§ **DATASET EXTRACT**:
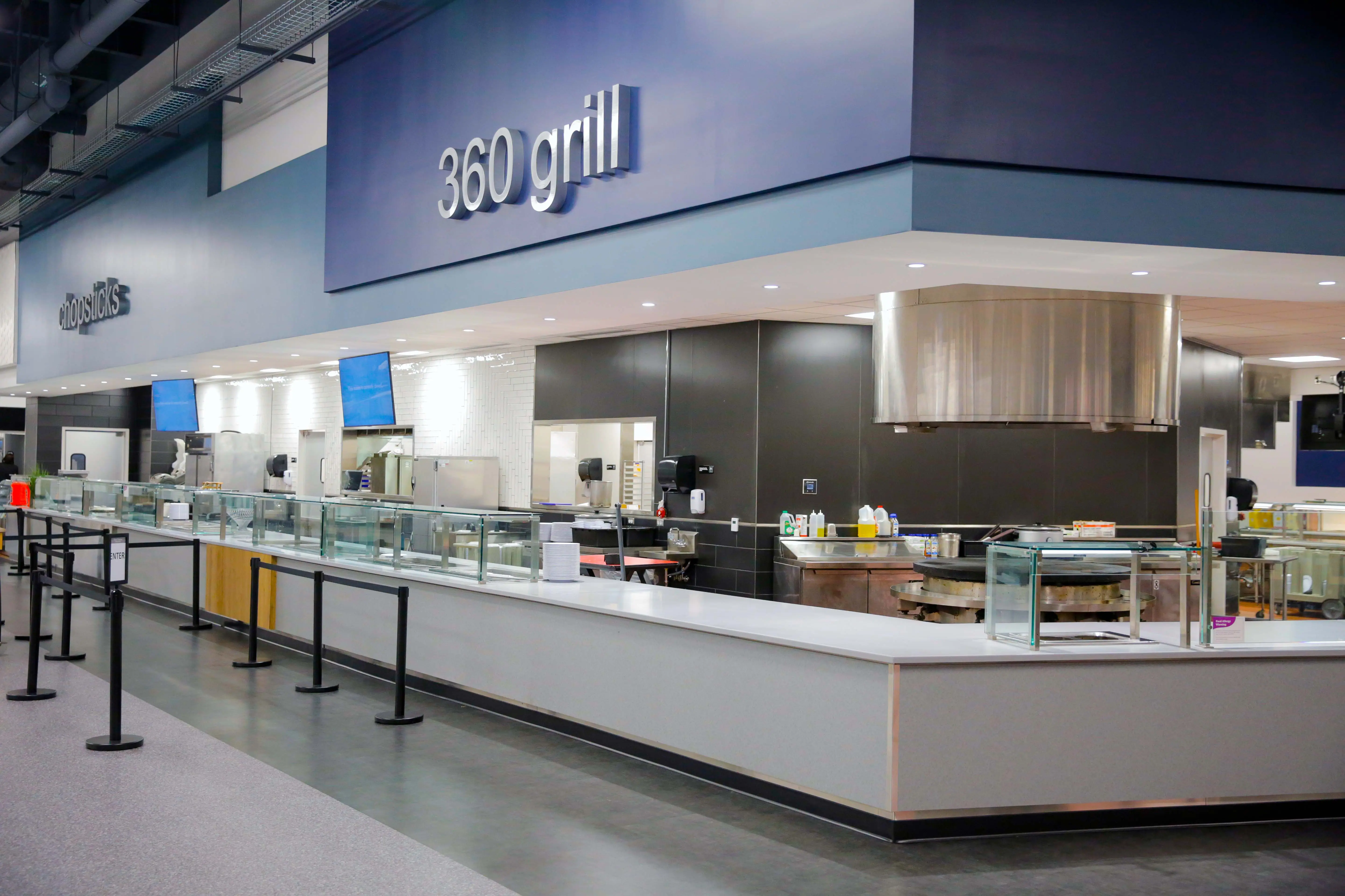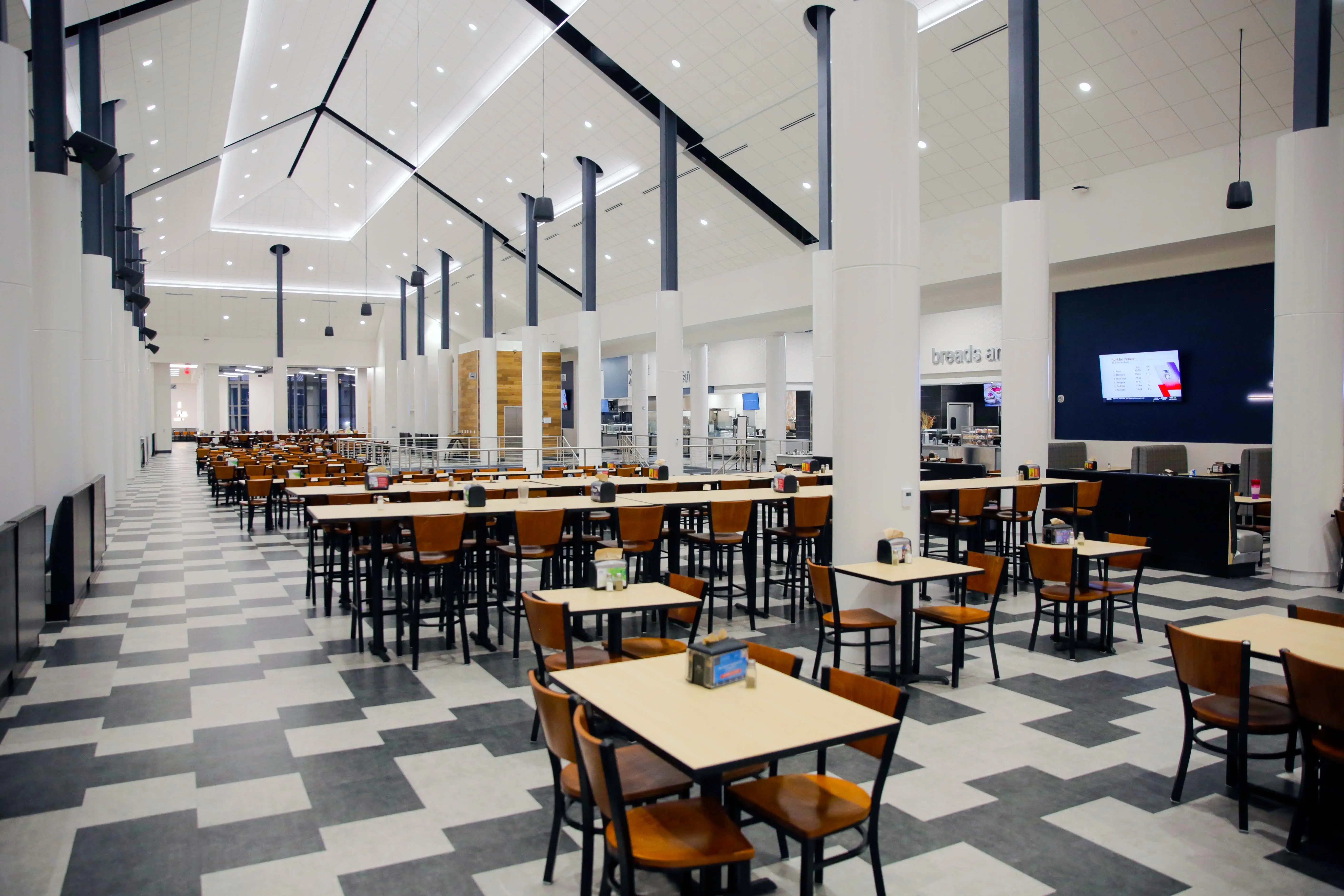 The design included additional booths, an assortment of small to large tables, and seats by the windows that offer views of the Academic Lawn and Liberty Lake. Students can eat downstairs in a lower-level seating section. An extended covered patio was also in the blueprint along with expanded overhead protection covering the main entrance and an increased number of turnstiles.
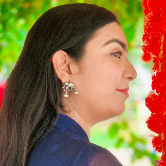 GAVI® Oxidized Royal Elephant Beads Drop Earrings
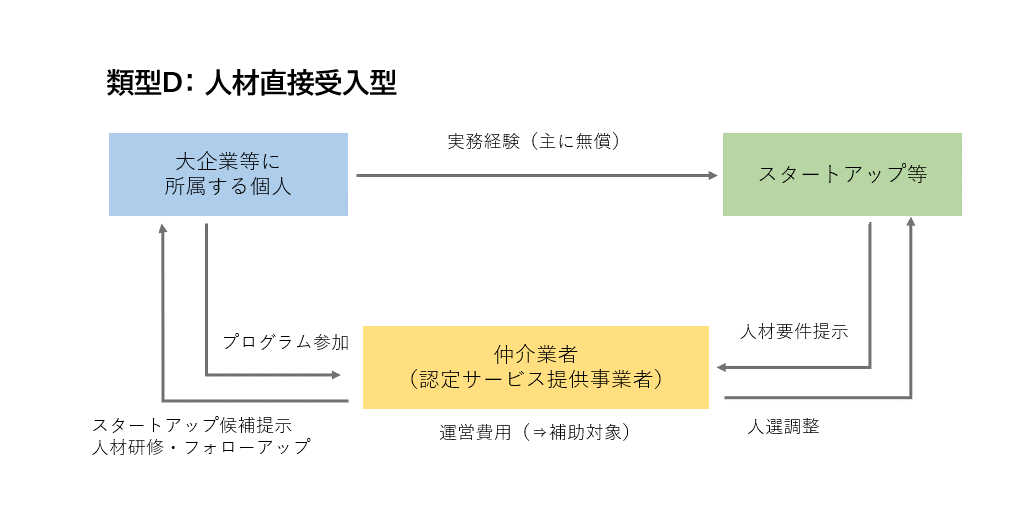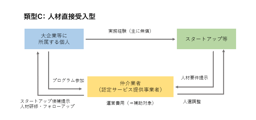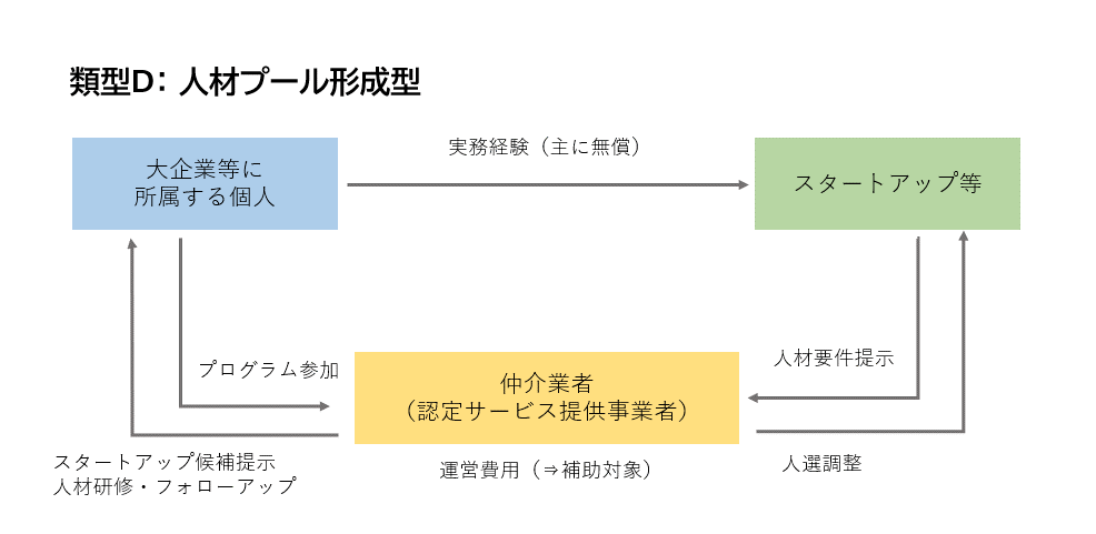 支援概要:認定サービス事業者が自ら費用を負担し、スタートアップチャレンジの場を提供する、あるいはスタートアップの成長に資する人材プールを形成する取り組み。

§ **WHAT NEEDS TO BE DONE**:
Output the data verbatim, images excluded.

§ **RESPONSE TO THE TASK**:
 The design included additional booths, an assortment of small to large tables, and seats by the windows that offer views of the Academic Lawn and Liberty Lake. Students can eat downstairs in a lower-level seating section. An extended covered patio was also in the blueprint along with expanded overhead protection covering the main entrance and an increased number of turnstiles.
 GAVI® Oxidized Royal Elephant Beads Drop Earrings
 支援概要:認定サービス事業者が自ら費用を負担し、スタートアップチャレンジの場を提供する、あるいはスタートアップの成長に資する人材プールを形成する取り組み。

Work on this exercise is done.